Furthermore, we may use negative mining algorithms to enhance the negative sample set by taking into account the relative similarity of negative samples. Finally, we rate these defined positive and negative pairings using a contrastive objective.
So, the whole process could be divided into four major parts.
- The goal of data augmentation is to produce congruent, identity-preserving positive samples from a given network. The majority of GCL work entails bi-level augmentation approaches such as structural transformation and feature transformation.
- In the case of an anchor, contrasting modes determine the positive and negative sets at various granularities of the graph. Three contrasting forms of work are regularly used in mainstream work.
- The goal of Local-Local CL is to contrast node-level representations in the two viewpoints.
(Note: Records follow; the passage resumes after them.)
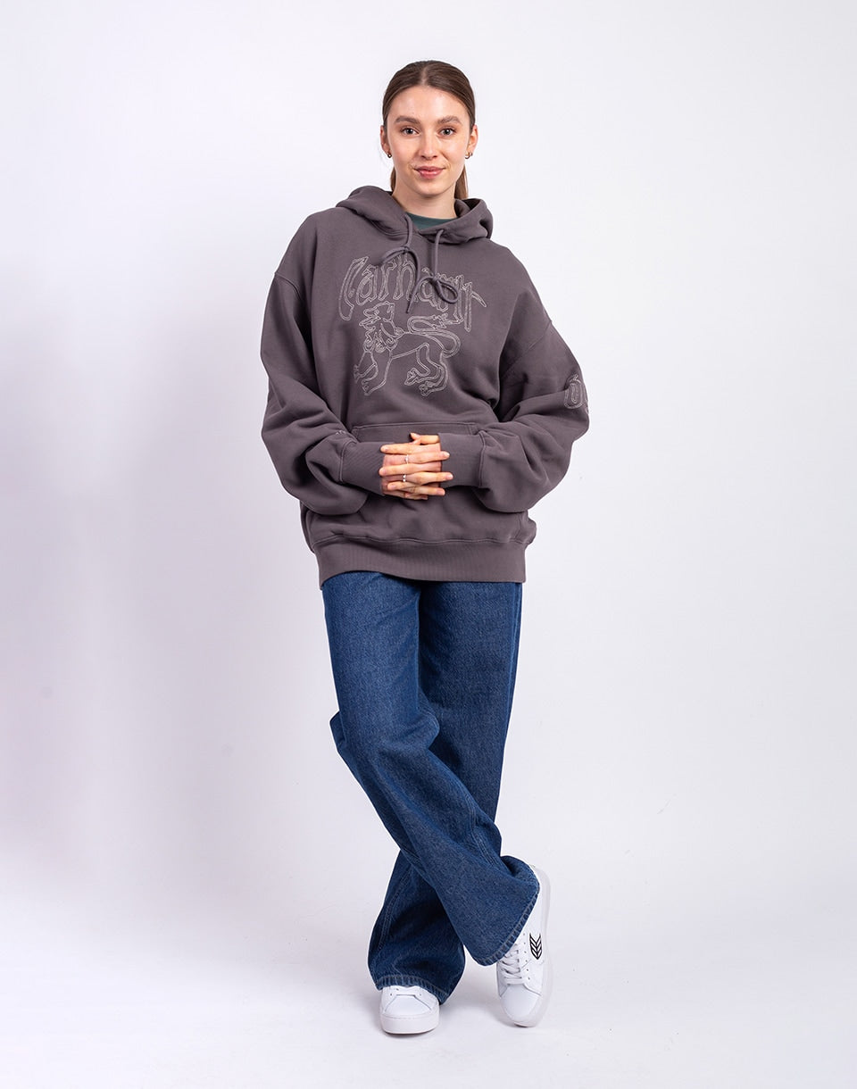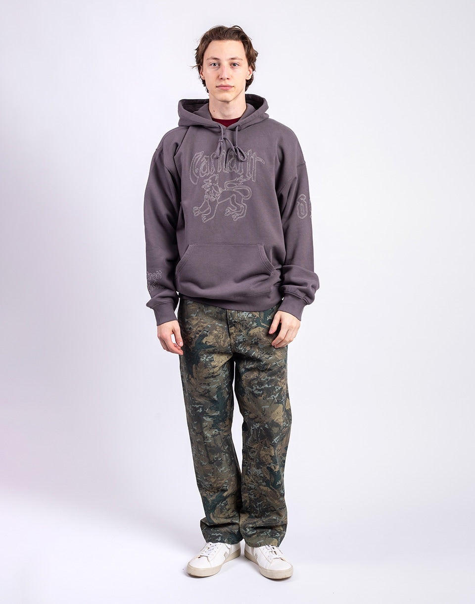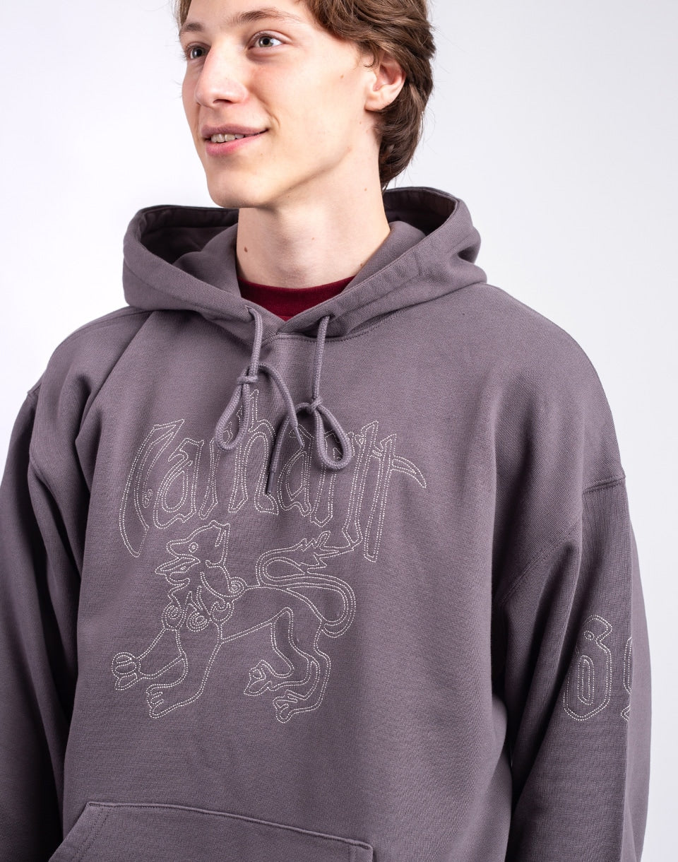 Carhartt WIP Hooded Hackwork Sweat - wide unisex hoodie with kangaroo pocket and large graphic embroidery on the chest and sleeves, backed by the famous streetwear brand.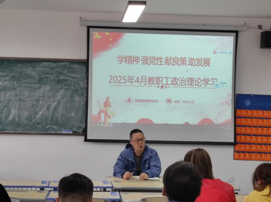 4月25日下午,财经教育学院党总支在XS606开展了4月主题党日活动,此次党日活动的主题围绕“深入贯彻中央八项规定精神”展开。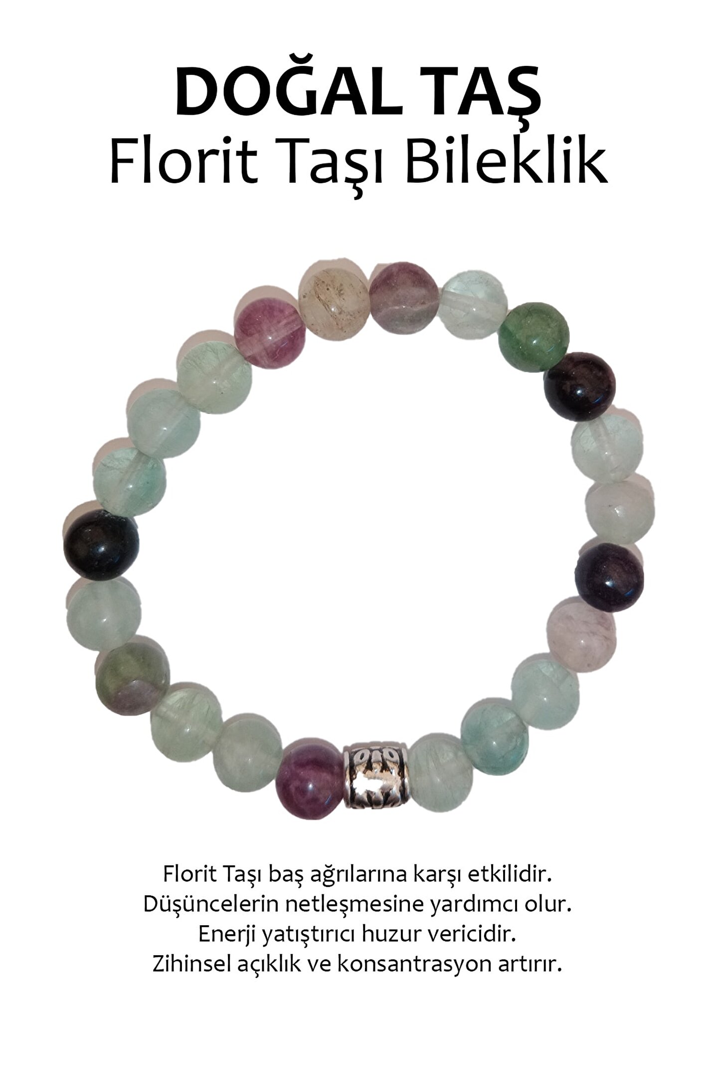 Doğal taş bileklik, şıklığınızı tamamlayacak zarif bir aksesuardır; Florit taşı, benzersiz renk tonları ve desenleriyle dikkat çeker; Hakiki doğal taş kullanımı, her bilekliğe otantik bir dokunuş katar; Doğal taş bileklik, hem günlük kullanım hem de özel günler için idealdir;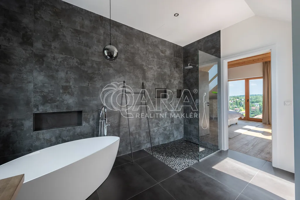 Nabízíme exkluzivní nízkoenergetickou vilu s bazénem a panoramatickým výhledem do údolí Únětického potoka.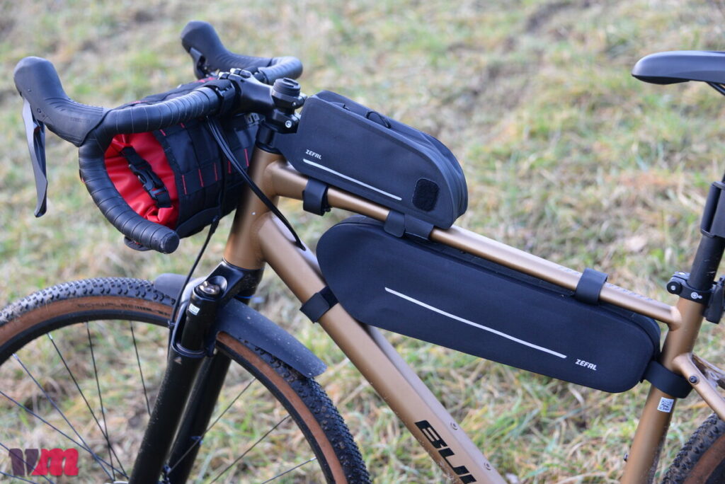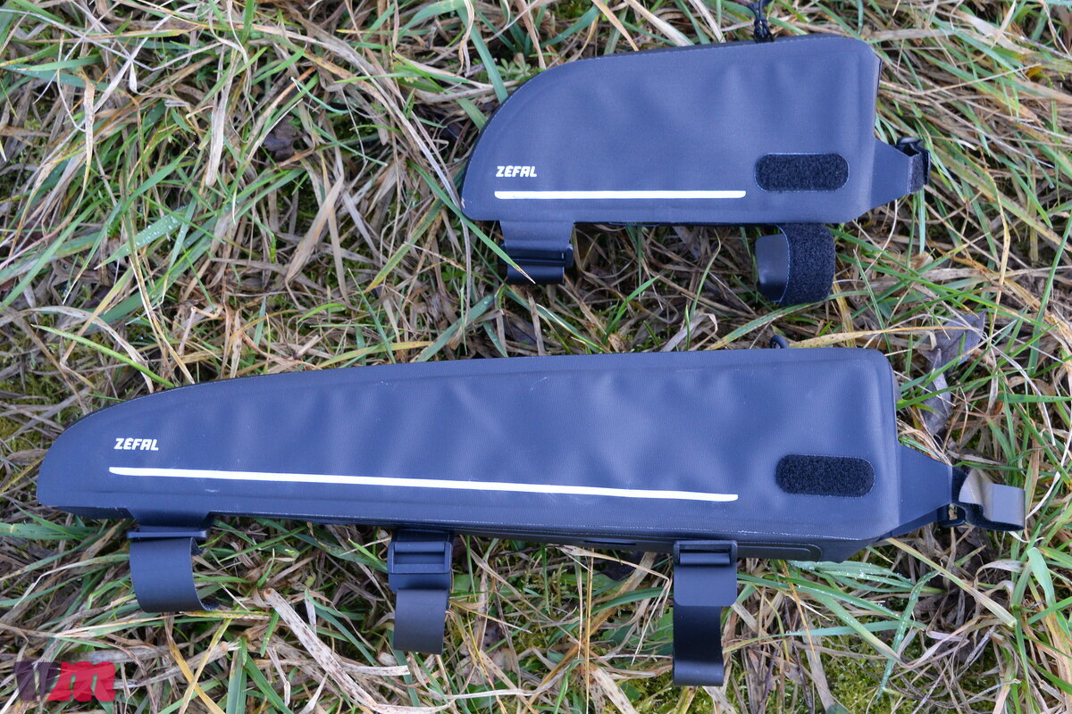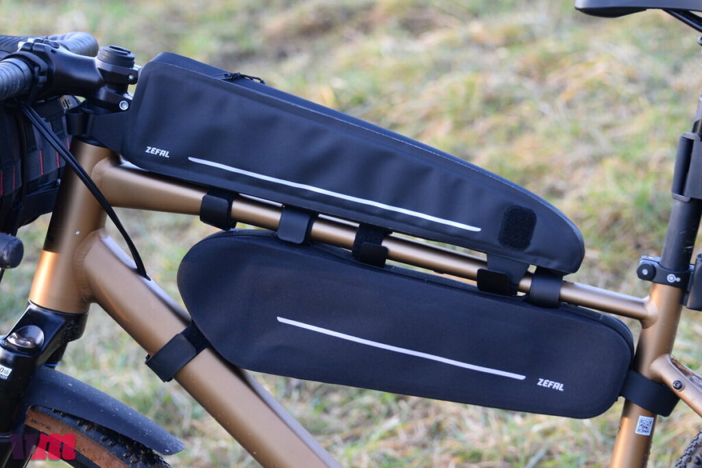 Zéfal ergänzt sein Bikepacking-Sortiment mit den Oberrohrtaschen Z ADVENTURE T1 und Z ADVENTURE T3, die im grundlegenden Aufbau identisch sind und klar auf Funktionalität ausgelegt wurden. Beide Taschen bestehen aus robusten, widerstandsfähigen Materialien, sind wasserdicht und an den Seiten versteift, wodurch sie auch bei voller Beladung ihre Form behalten. Im Inneren zeigen sich die Unterschiede: Die T1 verfügt über eine offene Netztasche, einen integrierten Schlüsselhalter sowie einen Kabelausgang, etwa für das Laden von Geräten unterwegs. Die T3 bietet ebenfalls eine kleine Netztasche, zusätzlich einen variabel versetzbaren Trenner, verzichtet im Vergleich zur T1 jedoch auf Schlüsselhalter und Kabelausgang. Im Test überzeugte bei beiden Modellen die variable Befestigung, da sich alle Befestigungspunkte – mit Ausnahme des hinteren – flexibel versetzen lassen und sich so gut an unterschiedliche Rahmen anpassen. Weniger gefallen haben uns die verwendeten Klettbänder, die recht steif ausfallen und sich vergleichsweise schwer sauber am Rad positionieren lassen; hier wären anschmiegsamere Lösungen wünschenswert gewesen. Dennoch saßen die Taschen auf der Testfahrt fest und sicher am Rad. Wer auf Klett verzichten möchte, erhält die T1 auch als Schraublösung, was besonders für eine dauerhafte Montage interessant ist.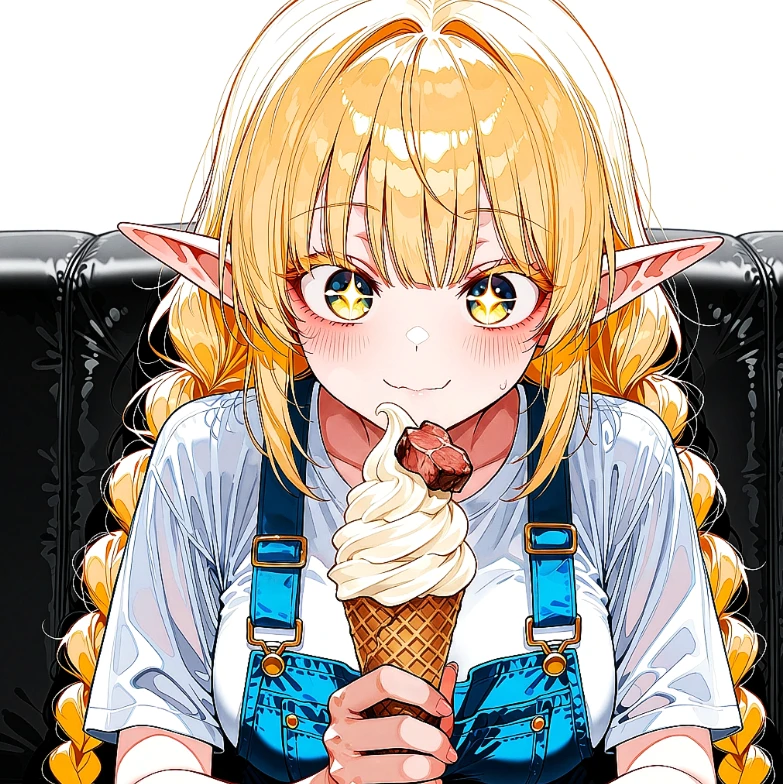 아리스의 손에는 하얀색 소프트 아이스크림 콘이 들려 있었고, 그 위에는 작은 고기 한 점이 올려져 있었다.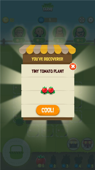 游戏玩法简单有趣:你可以购买番茄种子进行种植。当两个番茄成熟后,就可以将它们合并出售,赚取金币。有了金币,你就可以购买更多种子和其他农作物。种植的植物越大,结出的果实就越多,这样你就能获得更丰厚的收益。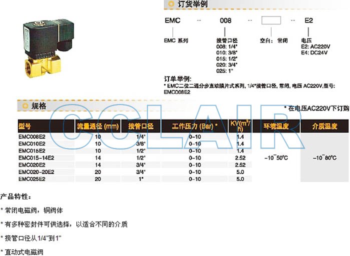 詳細(xì)信息 EMC008E2,EMC010E2,EMC015E2,EMC020E2,EMC025E2,EMC008E4,EMC010E4,直動(dòng)式膜片式電磁閥
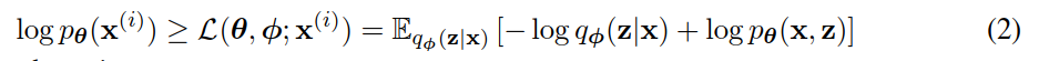 边际似然(marginal likelihood)由单个数据点的边际似然之和组成 𝑙𝑜𝑔𝑝𝜃(𝑥(1),𝑥(𝑁))=∑𝑖=1𝑁𝑙𝑜𝑔𝑝𝜃(𝑥(𝑖)) ​ ,可以分别改写为: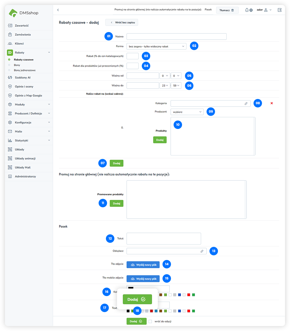 W systemie DMSshop rabaty czasowe stanowią podstawowy i najczęściej wykorzystywany mechanizm promocyjny. Pozwalają na precyzyjne określenie okresu aktywności rabatu oraz wartości obniżki ceny, wyrażonej procentowo względem ceny bazowej lub promocyjnej.

The anchor for a node embedding is “V,” and the positive sample is its congruent counterpart in the other perspective “U”; embeddings other than “U” are naturally picked as negatives.
- Global-Global CL ensures that node- and graph-level embeddings are compatible. For example, if a global embedding is the anchor instance, the positive sample is all of its node embeddings throughout the network. If the readout function is expressive enough, the global-local scheme can be used as a surrogate for local-local CL.
- Global-Local CL ensures that the graph embeddings of the two augmented views from the same graph are consistent. The positive sample for a graph embedding “S1” is the embedding “S2” of the other enhanced view. Other graph embeddings in the batch are deemed negative samples in this situation.
- The space of the contrasting mode is determined by subsequent tasks. For node datasets, only local-local and global-local CL are appropriate, but graph datasets can employ all three modes. For a better understanding, refer to the preceding visual illustration.
- To train the encoder, contrastive objectives are employed to maximize the agreement between positive samples and the disparity between negatives.
- Other than the anchor instance, the embeddings of nodes or graphs are distinct to the anchor and so contemplate negatives. As a result, it is logical to conclude that greater batch/sampling sizes are required for successful Contrast Learning (CL) to include more negatives to deliver more useful training signals. This is referred to as the negative mining strategy.
Benefits and Drawbacks of GCL
Let’s have a look at the benefits and drawbacks of Graph Contrastive Learning.
- It is self-supervised learning so there is no need for any human annotations.
- By maximizing mutual information, GCL is used to generate multiple views of the same graph.
- Does not depend on the quality of data. It can operate on low-quality data.
- Due to data augmentation, information loss incurs.
- High probability of adversarial attack due to the discrete nature of edges and nodes in graphs.
- Speculative overfitting of the learner.
Application of GCL
- In the discipline of botany, GCL aids in the understanding of the molecular structure of various specimens, which may then be categorized further.
- Graph Contrast Learning aids in the addition of multiple colors to a certain picture.
- Context-aware prediction is aided by GCL. It aids in the completion of the context if certain elements are lacking.
- GCL might be utilised as a target’s pre-training model. This is referred to as knowledge transmission. Because it can operate with fewer amounts of data.
- GCL is used to determine the connection between several patches in a picture.
Graph Contrasting Learning is self-supervised learning which augments the data and based on the augmentation it learns different attributes about the data at root levels. In this article, we have discussed the functionality of GCL which helps to understand its back processes and where to implement this kind of learner.